+++ Recorded information +++

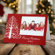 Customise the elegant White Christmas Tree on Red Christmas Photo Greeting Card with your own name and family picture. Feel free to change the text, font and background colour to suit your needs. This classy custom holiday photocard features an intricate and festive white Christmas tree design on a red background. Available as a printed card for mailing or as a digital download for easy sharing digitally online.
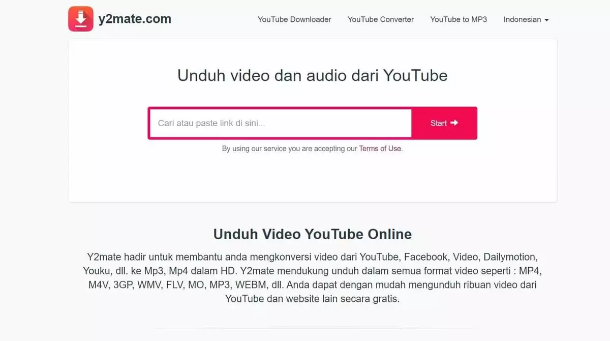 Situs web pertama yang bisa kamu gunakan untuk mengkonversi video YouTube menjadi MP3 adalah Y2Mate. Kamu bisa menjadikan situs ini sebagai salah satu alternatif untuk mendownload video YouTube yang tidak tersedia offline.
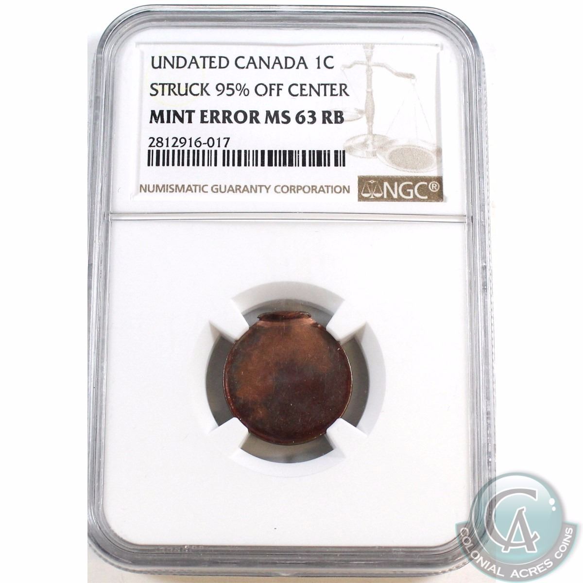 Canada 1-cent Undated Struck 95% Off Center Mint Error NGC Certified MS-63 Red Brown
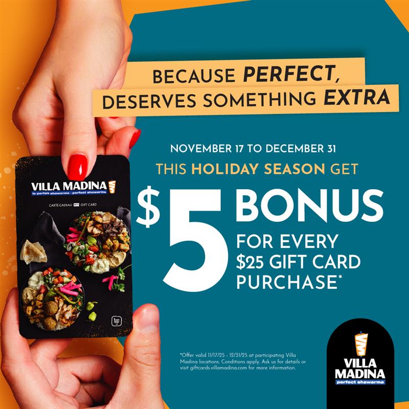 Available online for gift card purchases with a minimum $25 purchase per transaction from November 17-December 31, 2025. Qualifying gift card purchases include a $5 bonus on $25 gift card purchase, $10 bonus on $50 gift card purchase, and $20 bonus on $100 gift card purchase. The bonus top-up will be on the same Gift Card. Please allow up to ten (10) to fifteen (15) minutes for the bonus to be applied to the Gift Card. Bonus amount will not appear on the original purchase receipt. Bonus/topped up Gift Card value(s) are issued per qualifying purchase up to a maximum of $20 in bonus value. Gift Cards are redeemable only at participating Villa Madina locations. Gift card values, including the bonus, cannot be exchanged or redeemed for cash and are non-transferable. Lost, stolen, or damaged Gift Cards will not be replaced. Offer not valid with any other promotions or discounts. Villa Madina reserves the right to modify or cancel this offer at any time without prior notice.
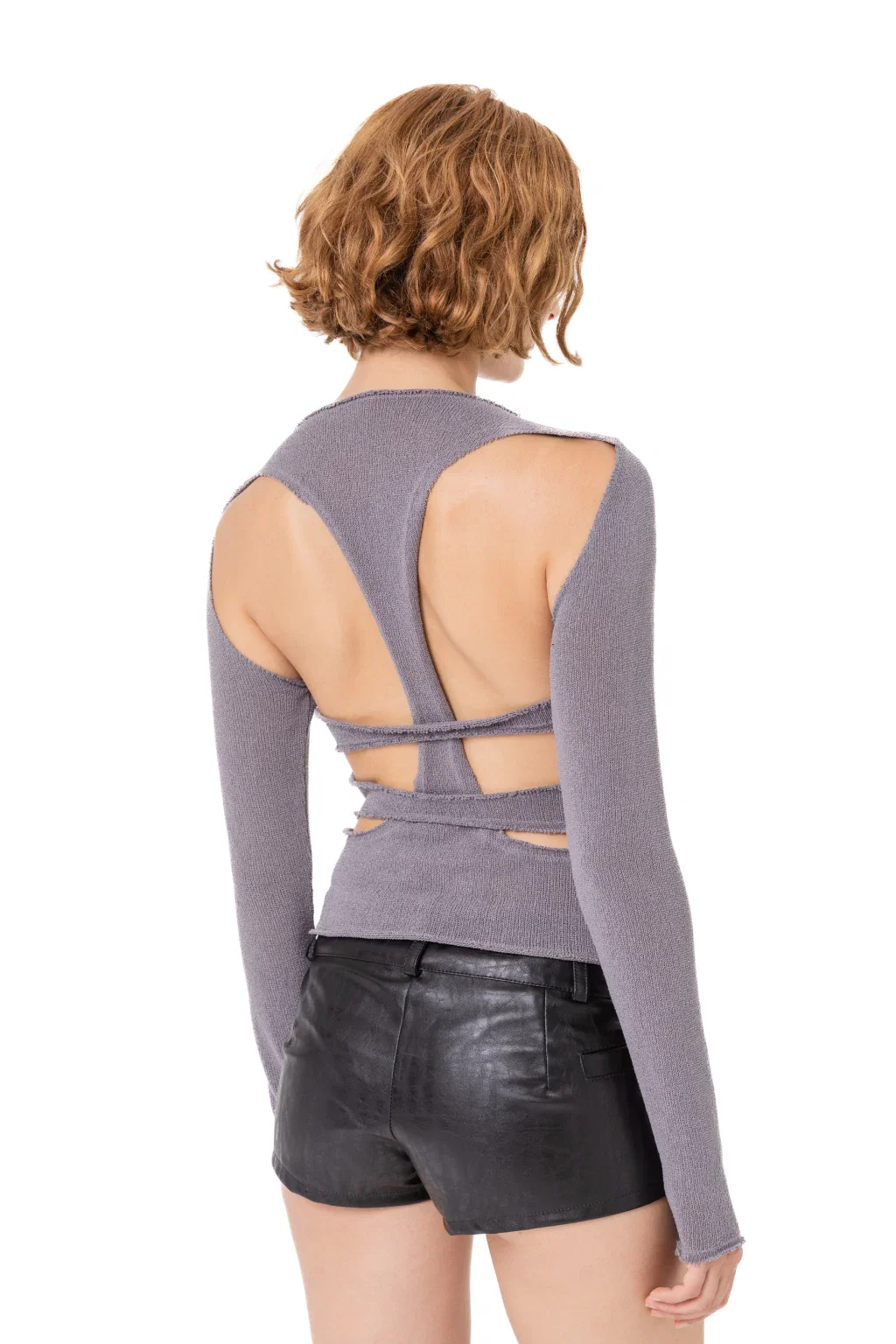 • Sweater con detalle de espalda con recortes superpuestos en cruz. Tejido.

+++

Return the material verbatim; the images are not to appear in the copy.

 Customise the elegant White Christmas Tree on Red Christmas Photo Greeting Card with your own name and family picture. Feel free to change the text, font and background colour to suit your needs. This classy custom holiday photocard features an intricate and festive white Christmas tree design on a red background. Available as a printed card for mailing or as a digital download for easy sharing digitally online.
 Situs web pertama yang bisa kamu gunakan untuk mengkonversi video YouTube menjadi MP3 adalah Y2Mate. Kamu bisa menjadikan situs ini sebagai salah satu alternatif untuk mendownload video YouTube yang tidak tersedia offline.
 Canada 1-cent Undated Struck 95% Off Center Mint Error NGC Certified MS-63 Red Brown
 Available online for gift card purchases with a minimum $25 purchase per transaction from November 17-December 31, 2025. Qualifying gift card purchases include a $5 bonus on $25 gift card purchase, $10 bonus on $50 gift card purchase, and $20 bonus on $100 gift card purchase. The bonus top-up will be on the same Gift Card. Please allow up to ten (10) to fifteen (15) minutes for the bonus to be applied to the Gift Card. Bonus amount will not appear on the original purchase receipt. Bonus/topped up Gift Card value(s) are issued per qualifying purchase up to a maximum of $20 in bonus value. Gift Cards are redeemable only at participating Villa Madina locations. Gift card values, including the bonus, cannot be exchanged or redeemed for cash and are non-transferable. Lost, stolen, or damaged Gift Cards will not be replaced. Offer not valid with any other promotions or discounts. Villa Madina reserves the right to modify or cancel this offer at any time without prior notice.
 • Sweater con detalle de espalda con recortes superpuestos en cruz. Tejido.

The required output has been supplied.